По дротику с отравой получил каждый, но только Талеанис и Гундольф выбыли из боя мгновенно. Орогриму дозы, рассчитанной на человека, явно было мало – он двигался гораздо медленнее, но сознание терять или даже просто падать и не собирался.
Нападавших было четверо. Люди и один эльф, двигались все слаженно и сработанно – сразу было видно, что сражаются вместе они не в первый раз. Что интересно – ни один не использовал заточенного оружия – люди держали в руках обитые войлоком дубинки, хотя на поясах красовались отнюдь не парадные мечи, а эльф сжимал в пальцах еще несколько дротиков – при том, что за его спиной виднелся мощный составной лук.

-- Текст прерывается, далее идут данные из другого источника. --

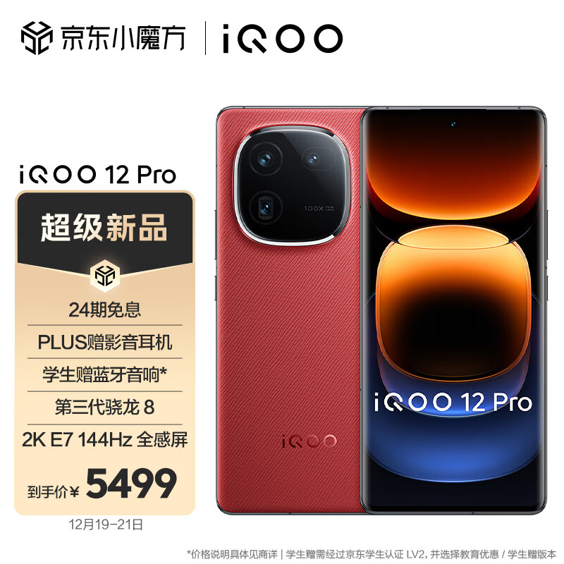 vivo iQOO 12Pro 16GB+512GB燃途版 2K E7 144Hz屏幕 大底主摄潜望式长焦 第三代骁龙 8 自研电竞芯片Q1 手机价格:5499.00元!

Орогрим поднырнул под удар одного из нападавших, резко обернулся – человек не ожидал от одурманенного орка такой скорости, а зря. Пальцы зеленокожего сомкнулись на запястье противника, Орогрим резко дернул – и человек, пролетев метра четыре, врезался в толстый, вековой ствол какого-то дерева.